Cardi is a woman, and naturally she wants to be sexy. But if it was up to me, I feel like you can be sexy with a turtleneck on. Sometimes she'll gravitate toward something a little more sexy than I would normally style. I try to sit back and just find that balance, because this is a woman with an amazing body, and she does want to show off her curves. There's nothing wrong with that.
Is there something she never wants to put on?
Cardi's not big on accessories. She feels like things are on her. Because she's such a big personality, I think sometimes she feels like adding anything, any other accent, can just come off as a lot. Her hair is always interesting — it's either super long or colored — [and] her nails themselves are accessories, so sometimes it's like less is more with her. But sometimes, I'm like, let's gaud it up! It's mainly rings, though. Her fingers are really, really small, so they flip or they're uncomfortable.
Cardi loves budget-friendly e-retailer Fashion Nova. How do you combine that brand with Versace or Christian Siriano?
Fashion Nova will always be super close to her. That was a brand that was lending to her before anybody believed in her. They worked together way before [she hired] me. I always have respect for her Fashion Nova moments, because it is a part of who she is. They have amazing basics. If I can't find a go-to denim, which I normally can't find go-to denim for her from a high-end designer, Fashion Nova always has a perfect denim for her. They cater to women with curves.
Has she ever not worn an outfit because of a social or political issue?

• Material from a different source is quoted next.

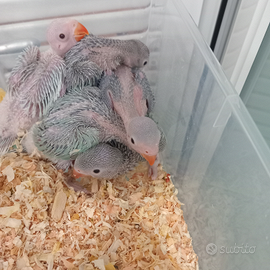 Disponibili pully di parrocchetti monaci e collari di varie mutazioni lutino,albino,blu pallid,cremini,pezzati, blu tutti nati nel mio allevamento pappagalli parlanti e molto affettuosi per qualsiasi info contattatemi al numero 3509581647

In general we always pay attention to [controversies in the fashion industry]. You have to be super conscious about the message that you're sending wearing certain brands, and make sure your message correlates with their brand as well. Like, there was a designer we had on set who has recently been in a lot of controversy over some [racially insensitive] commentsthat they made, and we decided that it would be best if Cardi just didn't wear them because of what we believe in, what she believes in, and what everyone believes our rights are.
What do you think about the climate for diversity right now in the fashion industry?
I pay attention. We love Gucci, and a couple seasons ago, they did the all-black campaign with all black models. I thought it was amazing, but I really wanted to see how many black actors and actresses they lent to after that. And they lent to a lot of people [who] I've never seen wearing Gucci before. And, again, if you[r brand] doesn't correlate with our beliefs, then I just kind of try to stay away or give it a little break. It's something we're super conscious about.
What's the biggest difference for you between Cardi's performance looks and her red carpet style?
Red carpet should be a little more timeless, but the performance [looks] are our gateway to have fun and really express ourselves, no matter how tacky — because tacky is good sometimes! Tacky is gaudy and [trendy]. Like, for the VMAs, [we decked her out in sparkles] and those $10,000 YSL boots. [Some publications and Internet commenters] made the joke that she looked like a disco ball, but I took that as a compliment.
Do you know what Cardi will wear to the Grammys?
I cannot say what we'll be doing and I'm not even exactly sure about who she'll be wearing, but she will have a huge moment at the Grammys, I'll just say that.
This interview has been edited and condensed.